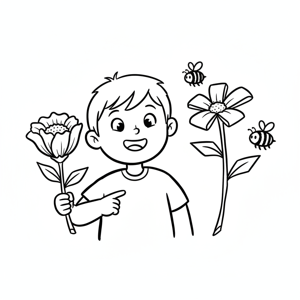 Glücklicher Junge hält Blume, Bienen fliegen um weitere Blume. Schwarz-Weiß-Malvorlage.
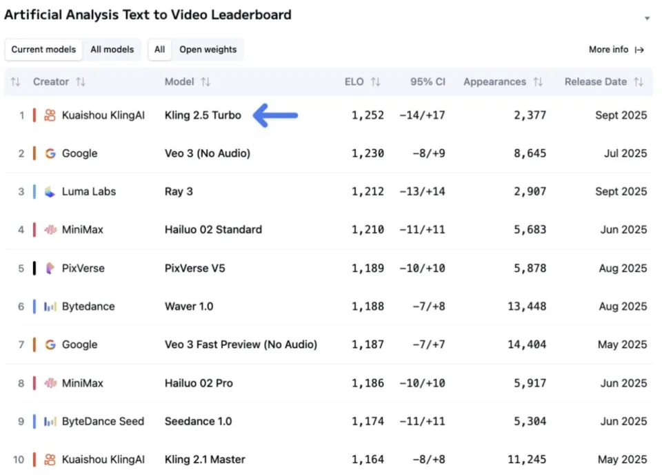自 2024 年 6 月问世以来,可灵 AI 迅速崭露头角并成为业内标杆之一。短短一年多的时间,可灵已经迎来 30 余次版本更新,几乎每次都能在创作者圈中引起轰动。最新版本 Kling 2.5 Turbo 在文本响应、动态效果、风格保持、美学效果等维度均有大幅提升,API 价格也较上代大幅下调 30%,更是一度拿下 Artificial Analysis 视频榜单第一名。
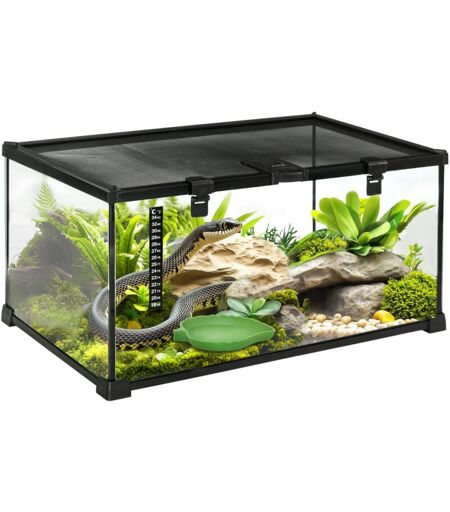 PawHut Terrarium en verre - vivarium reptiles & batraciens - habitat tortue - couvercle grillagé coulissant verrouillable - distributeur eau, thermomètre
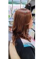エル・カラ・ケアファッションカラー(髪質改善カラーリング)カッパー+マット+シナモンベージュ+ベージュ。髪質改善カラーの効果で光ってるので、レイヤーの動きがハッキリ!
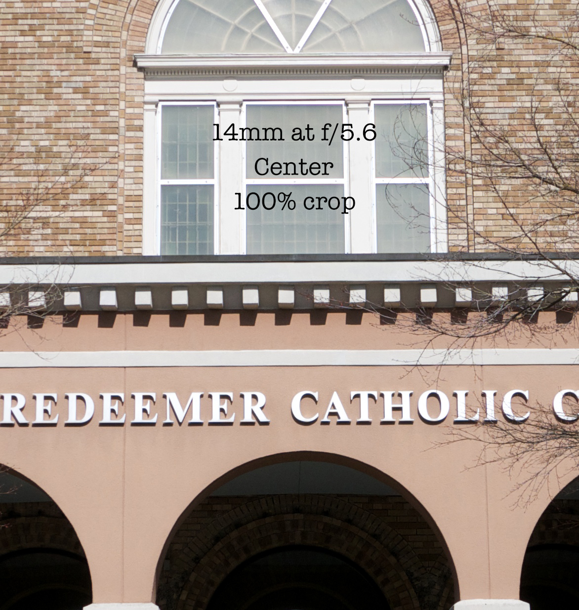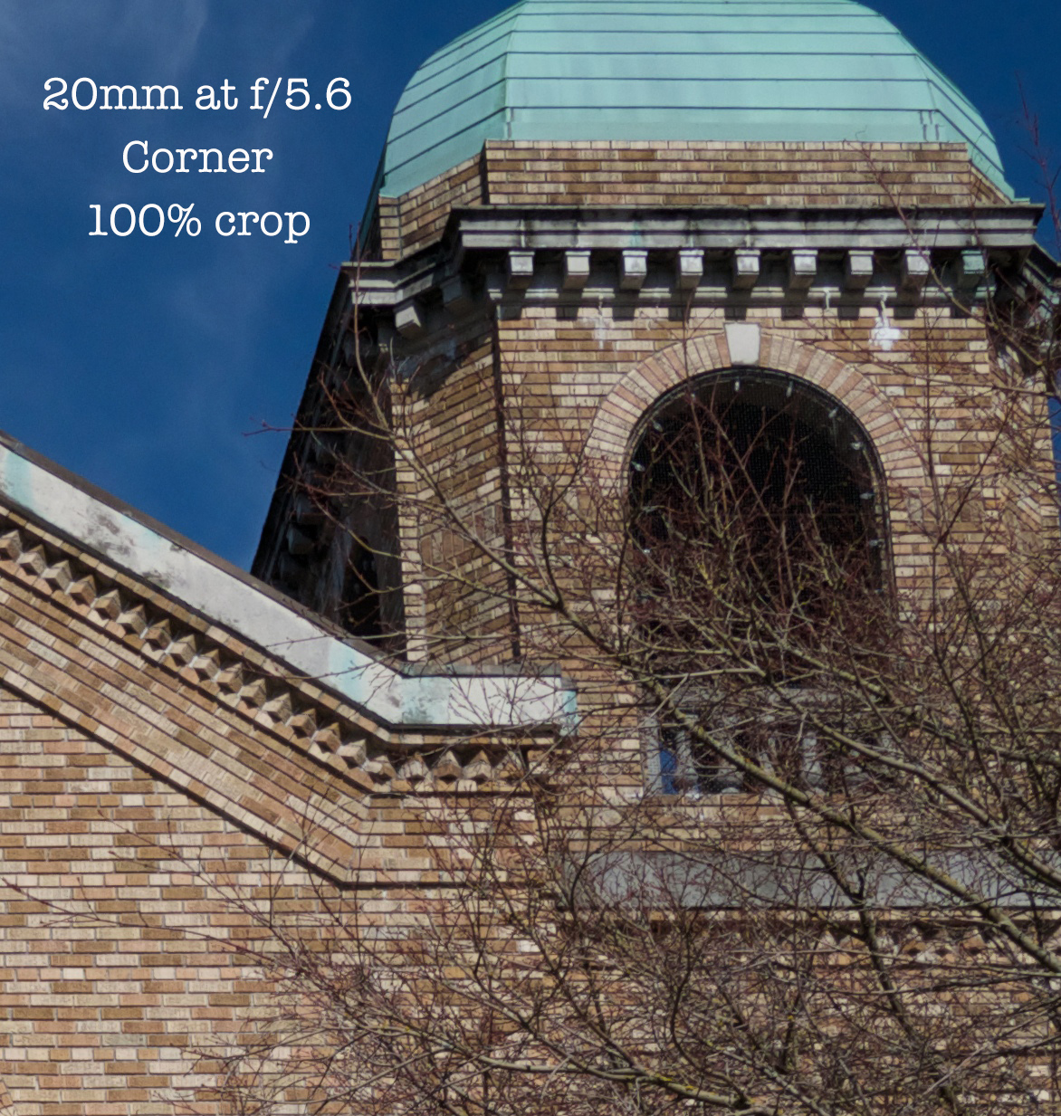 Well, to my eye, having been looking at these crops and even magnifying it to 200%, there is little difference in the center, either wide open or stopped down.  The 14mm does show a bit more CA wide open in this particular shot (more later, down below in the CA test), but that disappears when stopped down.  The 15mm has better contrast and through that appears sharper, albeit very slightly.  In the corners, the 15mm pulls away from the 14mm pretty easily both wide open at while not quite as noticeably, at f/5.6 too.  The 20mm fares better than the 14mm in the corners as well, looking comparable to the 15mm to my eye.
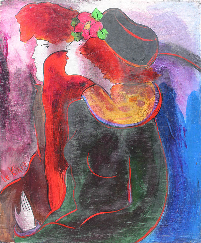 LE KINFF, Linda, (French, 1949-): ''Lucas et Lucille'', Oil/Woodpanel, 23.75'' x 19.75'', signed lower left, signed and titled verso, id number 162404, unframed. Linda Le Kinff is known for painting.
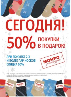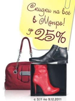 С 6 декабря 2011г по 14 февраля 2012г в обувных супермаркетах МОНРО акция - скидки на обувь до 50%. Скидки на сумки и кожгалантерею до 33%, а также действуют акции в отделе колгот и белья.
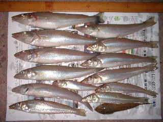 ポツポツ合計13匹。夕方は真虫の小さいのによく掛かってきた。17時頃からまっさんとナカさんのいる
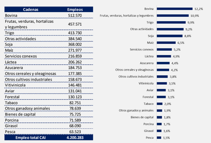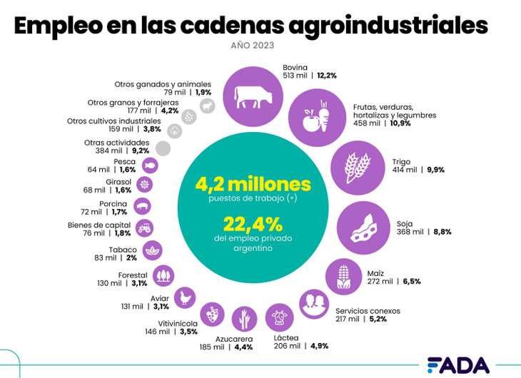 "Si agrupamos a las cadenas agroindustriales (CAI) en grandes bloques, las cadenas agrícolas (soja, maíz, trigo, girasol y otros cultivos) son las principales generadoras de empleo, concentrando el 30,9% del total. Les siguen las cadenas regionales (vitivinícola, azucarera, tabaco, forestal, etc.), que aportan el 29,1%, y en tercer lugar, las cadenas pecuarias (carnes y leche), con el 23,8% del empleo dentro de la CAI. Completan la distribución otras actividades (9,2%), servicios conexos (5,2%) y bienes de capital (1,8%)", detalla el reporte de FADA.
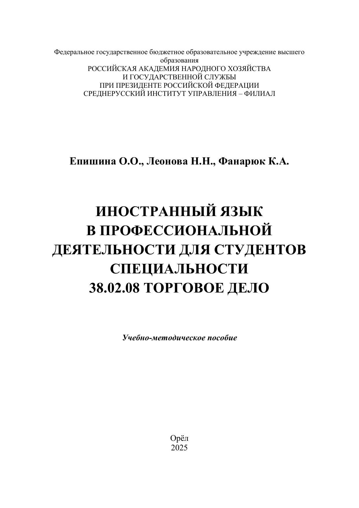 Учебно-методическое пособие «Иностранный язык в профессиональной деятельности для студентов специальности 38.02.08 Торговое дело» по дисциплине «Иностранный язык» (английский) предназначено для студентов колледжа Среднерусского института управления – филиала РАНХиГС, обучающихся по специальности 38.02.08 Торговое дело. Цели пособия соотнесены с требованиями ФГОС СПО к минимуму содержания и уровню подготовки выпускников по вышеуказанной специальности. Они включают приобретение студентами коммуникативной компетенции, уровень которой позволяет использовать иностранный язык практически как профессиональной деятельности, так и для целей самообразования.
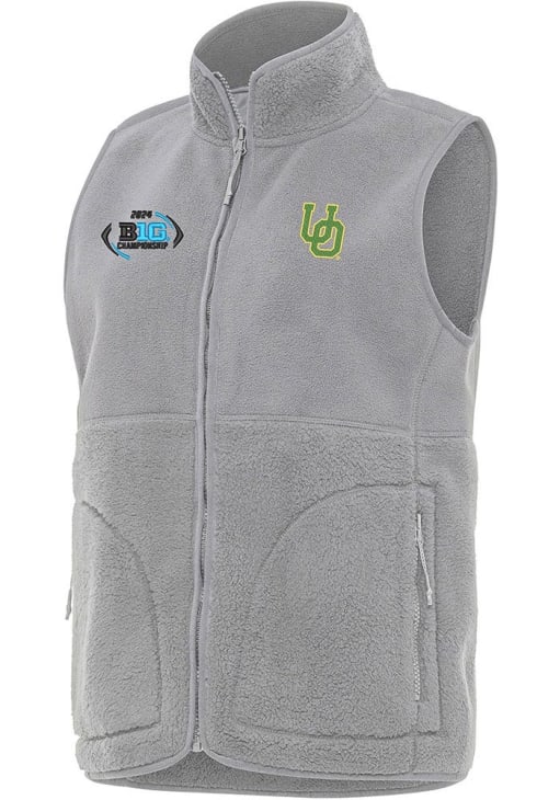 Gear up for the upcoming tailgate with the ultimate Oregon Ducks Womens Grey Vest. Stay warm in this Oregon 2024 Big Ten Football Nostalgic Sleeveless Jacket, which features a team logo and 2024 Big Ten Football on front chest.
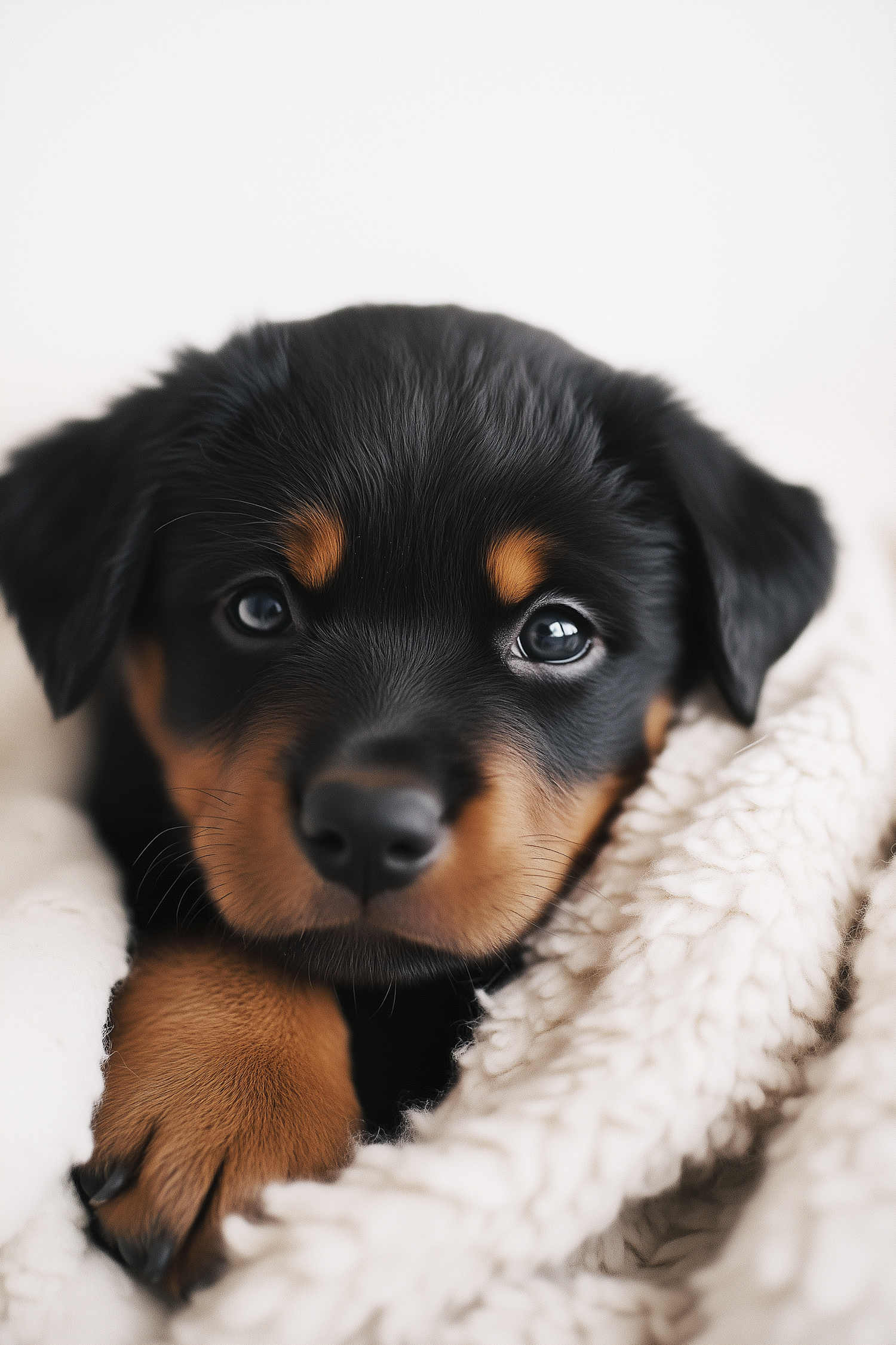 Adorable Rottweiler puppy snuggled in a fluffy white blanket, showcasing its cute face and expressive eyes.
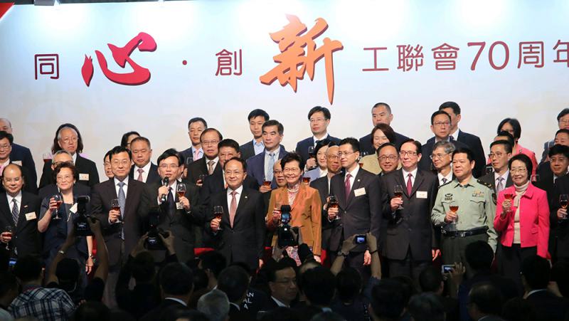 工聯會70周年會慶晚會冠蓋雲集,逾1000名來自政商界、社團友好及工會代表出席共慶,氣氛熱烈。中聯辦主任王志民致辭時讚揚,七十年來,工聯會始終高舉愛國愛港旗幟,堅持愛國、團結、福利、參與政治方針,始終不忘為打工仔爭權益,謀福利的初心,不管在過去頑抗港英政權,支援新中國建設,到實現香港順利回歸,平穩過渡等等各界歷史時期都發揮了重要的作用。
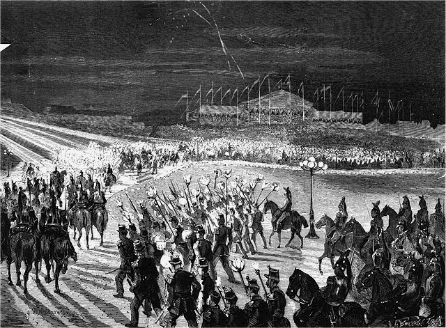 Le shah a surtout goûté le ballet de la Tour enchantée, dans la Juive, et a exprimé plusieurs fois le plaisir que lui causaient les pirouettes et les jetés-battus des premiers sujets. À onze heures, la fête était terminée et tout y avait marché à la satisfaction générale. Celle du lendemain eut une fin moins heureuse, à cause du vent qui soufflait avec violence dès le matin. Elle devait consister, comme on sait, en une illumination des principaux monuments de Paris, auxquels la bourrasque n'a pas permis de rester un instant éclairés; en un feu d'artifice tiré sur la Seine et en une retraite monstre aux flambeaux. Le centre de la fête était le Trocadéro, sur l'esplanade duquel, au sommet du grand escalier, on avait construit un immense pavillon couvert, avec grand salon, salle de repos, buffet, etc., le tout orné de tentures de soie, de glaces et de fleurs. De chaque côté de ce pavillon s'élevaient des tribunes destinées au corps diplomatique, aux députés et aux principaux fonctionnaires. Le reste de l'esplanade était garni de gradins et de chaises pour le public. Le shah est arrivé à la tribune réservée à neuf heures et demie, avec une suite des plus nombreuses. Aussitôt des feux de Bengale rouges, verts et blancs, ont éclairé de leurs lueurs éclatantes les flots de population qui se pressaient le long des pelouses. Puis des soleils ont été allumés sur la Seine et des bombes aux mille couleurs ont éclaté dans l'air. Au même instant on entendait les premières notes de la retraite qui se formait en colonne sur le quai de Billy, et se disposait à monter par une des allées de côté sur la place du Trocadéro. Des pelotons de fantassins, armés de torches ou de lances surmontées de lanternes, séparaient les tambours et les musiques, et si le vent n'avait pas éteint un grand nombre de ces torches, le tableau eut été d'un très-grand effet. La foule était immense dans le Champ-de-Mars; elle était moins grande sur le Trocadéro, la pluie et le vent ayant chassé beaucoup de curieux et surtout de curieuses en toilette. Mais tout le monde se foulait aux Champs-Elysées et sur la place de la Concorde, dont l'éclatante illumination a duré jusqu'à minuit. Le shah est rentré à onze heures et demie par l'avenue d'Antin. Au moment où il arrivait au palais de la rue de l'Université, la façade du Corps législatif s'est soudainement éclairée de feux de Bengale verts et rouges, qui ont été les derniers de la journée.
★ ★ ★
• WHAT NEEDS TO BE DONE:
In the data above, start at the line holding "LE KINFF, Linda, (French, 1949-): ''Lucas" and stop after the line holding "reporte de FADA."; write out those lines exactly, without pictures.

• SOLUTION TO THE EXERCISE:
 LE KINFF, Linda, (French, 1949-): ''Lucas et Lucille'', Oil/Woodpanel, 23.75'' x 19.75'', signed lower left, signed and titled verso, id number 162404, unframed. Linda Le Kinff is known for painting.
 С 6 декабря 2011г по 14 февраля 2012г в обувных супермаркетах МОНРО акция - скидки на обувь до 50%. Скидки на сумки и кожгалантерею до 33%, а также действуют акции в отделе колгот и белья.
 ポツポツ合計13匹。夕方は真虫の小さいのによく掛かってきた。17時頃からまっさんとナカさんのいる
 "Si agrupamos a las cadenas agroindustriales (CAI) en grandes bloques, las cadenas agrícolas (soja, maíz, trigo, girasol y otros cultivos) son las principales generadoras de empleo, concentrando el 30,9% del total. Les siguen las cadenas regionales (vitivinícola, azucarera, tabaco, forestal, etc.), que aportan el 29,1%, y en tercer lugar, las cadenas pecuarias (carnes y leche), con el 23,8% del empleo dentro de la CAI. Completan la distribución otras actividades (9,2%), servicios conexos (5,2%) y bienes de capital (1,8%)", detalla el reporte de FADA.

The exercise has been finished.